Liu’s fortune is derived from his 15% stake in JD.com, China’s second-largest e-commerce company. JD.com had more than 220 million active customers and 157,830 employees at the end of 2017, according to its 2017 annual report. It had revenue of 365 billion yuan ($53.7 billion) in 2017.

According to arrest records, Liu Qiangdong, who uses the English name Richard, was arrested in Minneapolis and brought in at 11:32 p.m. Friday on an accusation of “criminal sexual conduct” and released just over 16 hours later.

As Bloomberg reports, Minneapolis Police Department spokesman John Elder declined to provide any further details about the reasons for the arrest, but said authorities decided not to keep Liu in custody and haven’t imposed any travel restrictions on him while conducting their investigation.

“We are very much in the infancy of this investigation,” Elder said. Authorities may decide not to charge Liu at all, he added.

“There are no travel restrictions on him at the moment and he’s not charged with a crime at this time.”

Upon release, the billionaire flew swiftly back to the ‘safety’ of his home country, China. According to JD.com’s official Weibo (social media) account, the company claims that US police found no misconduct in their probe, but failed to explain how that assertion squared with the police’s own statement of an ongoing investigation.

As Bloomberg reports, police haven’t outlined specific accusations against Liu, said Joseph Friedberg, who JD confirmed as representing the billionaire. His team was now awaiting details from the authorities before deciding on next steps, and Friedberg wouldn’t elaborate further.

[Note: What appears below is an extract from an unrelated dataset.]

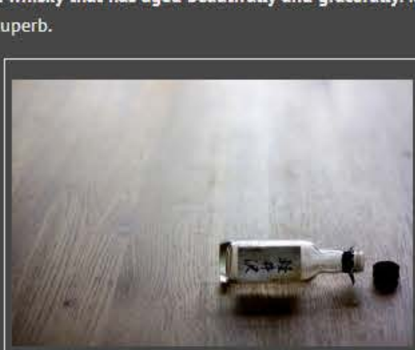
It was majestic

This is a massive whisky, mouth filling and mouth coating with depth that we have not experienced before. Epic is a word that is often banded around and overused. Not in this case – this spirit is epic. Is it worth £9000 a bottle? Impossible for us to say, although we can appreciate the value due to the scarcity and brilliance of the liquid. What we can tell you is that this whisky is worth the hype it has generated; every facet of it is sublime and it is almost certainly the best whisky we have ever tasted. Few whiskies make me smile fondly as I write about them. This one sees me practically grinning. It is a seminal moment in our tasting history, brought about by a fantastic whisky that has aged beautifully and gracefully . It is utterly superb.

“No one has told him or us what the accusations are,” he said in a phone interview.

“If he were to be charged — and I don’t think there is any possibility of that — he would certainly come back to face charges.”

Most intriguingly, however, Bloomberg points out that earlier this year, a guest at a party Liu hosted in downtown Sydney was convicted of sexually assaulting a fellow guest after the event. There was no accusation of any misconduct by Liu. The billionaire lost a legal attempt to keep his name out of the records. Over the weekend, JD said it will take legal action against the publishing of untrue reports or rumors.

Liu’s net worth has fallen dramatically in the last few months (from over $10bn to ‘just’ $7.3bn currently) as the share price of his company has plunged relative to other tech stocks…

And, as Mark Natkin, managing director of Beijing-based Marbridge Consulting, notes, things may be about to get worse after these allegations: “Investors may treat the stock cautiously for the next short while as they wait to see how this issue is resolved.”